> **Aim of the exercise**
What must be handed in is the entire listing, exactly as written, with no pictures.

═══ Dataset extract ═══

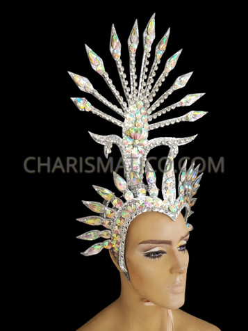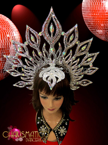 Rhinestone Covered Black Glitter Iridescent Crystal Star Burst Spiked Headdress
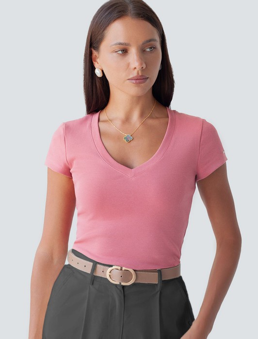 Состав: 95%Хлопок 5%ПУОблегающая футболка с V-образным вырезом оттенка "туманная роза" создаст утонченный образ. Идеальная базовая модель для вашего гардероба! Глубокий V-образный вырез подчеркивает линию шеи и зрительно удлиняет силуэт. Футболка выполнена из хлопка с добавлением эластана, которая мягко облегает контуры тела, подчеркивая достоинства фигуры. Универсальный вариант для создания стильных повседневных образов.
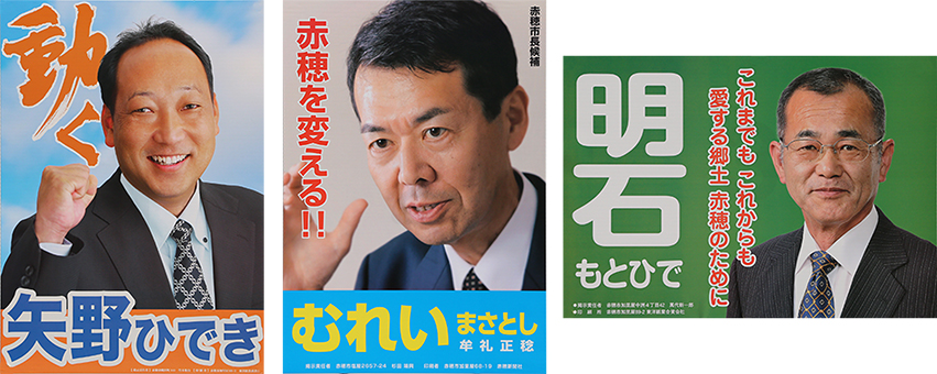 立候補者は届け出順に、▽矢野英樹氏(44)=元防水工事会社経営、加里屋中洲▽牟礼正稔氏(60)=元兵庫県職員、坂越▽明石元秀氏(64)=元赤穂市副市長、加里屋。3氏とも告示日以降、選挙カーで市内を巡回して名前を売り込み、街頭と個人演説会で理念や政策の浸透に努めてきた。

═══

> **Response to the task**
 Rhinestone Covered Black Glitter Iridescent Crystal Star Burst Spiked Headdress
 Состав: 95%Хлопок 5%ПУОблегающая футболка с V-образным вырезом оттенка "туманная роза" создаст утонченный образ. Идеальная базовая модель для вашего гардероба! Глубокий V-образный вырез подчеркивает линию шеи и зрительно удлиняет силуэт. Футболка выполнена из хлопка с добавлением эластана, которая мягко облегает контуры тела, подчеркивая достоинства фигуры. Универсальный вариант для создания стильных повседневных образов.
 立候補者は届け出順に、▽矢野英樹氏(44)=元防水工事会社経営、加里屋中洲▽牟礼正稔氏(60)=元兵庫県職員、坂越▽明石元秀氏(64)=元赤穂市副市長、加里屋。3氏とも告示日以降、選挙カーで市内を巡回して名前を売り込み、街頭と個人演説会で理念や政策の浸透に努めてきた。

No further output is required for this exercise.